Before the Seventh Circuit, the workers argued they never forfeited the opportunity to make a market power case, calling it “too obvious to need allegations and proof,” Easterbrook wrote.

“But that line of argument depends on treating ‘workers at McDonald’s’ as an economic market,” Easterbrook wrote. “That’s not sound. People who work at McDonald’s one week can work at Wendy’s the next, and the reverse. People entering the labor market can choose where to go — and fast-food restaurants are only one of many options. If wages are too low at one chain, people can choose other employers. The mobility of workers — both from one employer to another and from one neighborhood to another — makes it impossible to treat employees at a single chain as a market.”

Alonso noted there are up to 50 fast food restaurants within three miles of Deslandes’ home and 517 within 10 miles. The panel said Alsonso wasn’t wrong to determine fast food employment isn’t a single market. However, Easterbook continued, Alosno was too quick to jettison another potential legal theory under antitrust claims.

“The complaint alleges a horizontal restraint, and market power is not essential to antitrust claims involving naked agreements among competitors,” Easterbrook wrote. Not all horizontal agreements are illegal, he continued, but although the anti-poach clause was included in franchise agreements as a way to bolster overall success, that approach supposes potential benefits to customers justifies suppressing wages.
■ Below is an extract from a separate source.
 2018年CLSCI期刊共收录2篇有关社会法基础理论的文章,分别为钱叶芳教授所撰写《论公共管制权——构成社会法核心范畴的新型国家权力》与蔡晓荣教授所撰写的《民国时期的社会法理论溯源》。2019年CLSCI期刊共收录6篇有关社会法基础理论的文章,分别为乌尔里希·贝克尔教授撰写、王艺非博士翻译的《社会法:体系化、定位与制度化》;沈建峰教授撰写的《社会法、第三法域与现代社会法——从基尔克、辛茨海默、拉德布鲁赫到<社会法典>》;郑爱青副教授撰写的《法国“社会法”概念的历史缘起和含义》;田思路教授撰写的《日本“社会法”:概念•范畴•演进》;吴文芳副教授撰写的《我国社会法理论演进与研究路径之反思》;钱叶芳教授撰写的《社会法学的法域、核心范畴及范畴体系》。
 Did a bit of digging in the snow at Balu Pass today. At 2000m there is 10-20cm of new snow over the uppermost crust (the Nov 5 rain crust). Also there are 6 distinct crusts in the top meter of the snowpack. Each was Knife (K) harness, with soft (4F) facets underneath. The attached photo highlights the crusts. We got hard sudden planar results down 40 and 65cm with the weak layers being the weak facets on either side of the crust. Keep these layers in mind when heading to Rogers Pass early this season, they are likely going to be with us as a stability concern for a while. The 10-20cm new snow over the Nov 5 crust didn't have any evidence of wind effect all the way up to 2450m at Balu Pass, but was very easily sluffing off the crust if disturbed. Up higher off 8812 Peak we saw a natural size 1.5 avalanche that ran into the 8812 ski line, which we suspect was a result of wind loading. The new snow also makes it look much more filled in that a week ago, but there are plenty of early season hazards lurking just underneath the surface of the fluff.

“Is there some reason to think that a no-poach clause promotes the production of restaurant food?” Easterbrook wrote. “Maybe it just takes advantage of workers’ sunk costs and helps each business’s bottom line, without adding to output.”

Deslandes alleged she tried to leverage her corporate training — completed while earning lower wages — by seeking an open position with better pay at a different McDonald’s, but said the policy specifically kept workers from making such advancements.
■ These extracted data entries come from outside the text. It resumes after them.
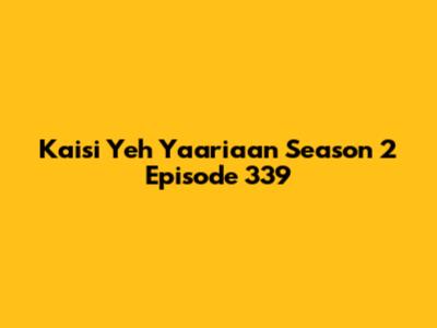 • YouTube: Many episodes are available on YouTube, uploaded by various channels. Just search for "Kaisi Yeh Yaariaan Season 2 Episode 339" and you should find multiple options.
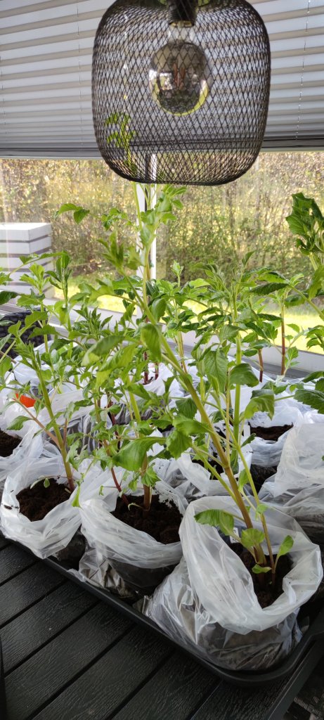 Hej allihop! Var ett tag sedan jag skrev nu. Har ju börjat på ett nytt jobb och har känt att mitt fokus behöver ligga där fullt ut innan jag har lärt mig allt. Nu är det iallafall helg och jag har varit igång sedan imorse och planterat om mina tomater till slutkrukorna, sått melon, satt röd lök, gul lök och potatis i jorden. Har även fyllt på med jord i mina dahlia påsar. De bor numera i vårt uterum. Av 18 knölar är det en som inte alls kommit upp och en som har fått röta och dött. Tog upp den från påsen för att kolla om det fanns något jag kunde rädda på den, men alla tubers var ruttna så det var helt kört för den tyvärr. Paprikorna växer på ordentligt nu också och behöver även de få komma i sina slutkrukor snart, men ja ni vet ju hur det är med plats inomhus hos alla oss odlare🙈 så jag får vänta lite med det. Kapkrusbären har också vuxit fint och i en av krukorna kommer det nu upp fler så de får jag också plantera om i egna krukor. Jätteverbenerna har också tagit sig fint. Fick fler sticklingar på palettblad av Linda och de står nu i vatten och har fått fina rötter så de ska också planteras i krukor, men jag måste inhandla fler krukor först. Nu blir det en dusch för att sen åka in till stan och handla mat. Det är riktigt fint väder ute och 15° så ikväll får det bli grillat och ett dopp i bubbelbadet. Hoppas ni får en riktigt härlig helg!/Madde
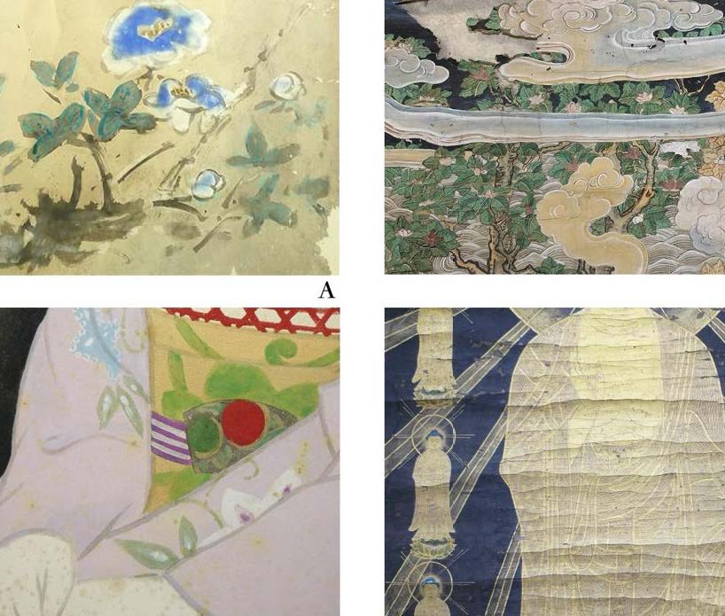 El uso inadecuado del aglutinante también genera problemas de conservación. Por ejemplo, un exceso del aglutinante animal puede dejar marcas visibles en la superficie de la pintura y hacer que el gofun se vuelva quebradizo y propenso a las grietas (Fig. 9B). Asimismo, el calentamiento repetido de la solución de cola reduce la adhesividad y aumenta el riesgo de desprendimiento tanto del gofun como de otros pigmentos (Lin, 2000, pp. 52-3).

“So what was the no-poach clause doing?” Easterbrook wrote. “Was it protecting franchises’ investments in training, or was it allowing them to appropriate the value of workers’ own investments? That question can’t be answered by observing that any given franchise contract, viewed by itself, expands the output of food.”

The panel noted the clause was nationwide in scope; that the no compete clause wasn’t linked to estimates of the time a McDonald’s franchise would need to recover training investments; and the panel said those and other questions not only “require careful economic analysis” but represent issues inherent to McDonald’s defense of the clause as ancillary to business operations, which is not something the workers needed to have in their complaint to survive dismissal.

With his judgment vacated, Easterbrook wrote, Alonso “may think it wise to reconsider” class certification on remand.

In his concurrence, Ripple noted that as the case resumes in district court, “the defendants bear the burden of establishing that the no-poaching clause in the franchise agreement qualifies as an ancillary restraint.”

However, he added, the majority opinion isn’t an assessment of the future economic analysis or other potential legal strategies, nor did he consider it an undermining of well-established antritrust law precedent with regard to legitimate cooperative practices.

The plaintiffs’ lawyers include attorneys from the firms of McCune Wright Arevalo, of Ontario, California; Lieff, Cabraser, Heimann & Berstein, of San Francisco; and Scott + Scott Attorneys, of New York and San Diego.

McDonald’s is defended by the Los Angeles firm of Gibson, Dunn & Crutcher and the Chicago firm of A&G Law.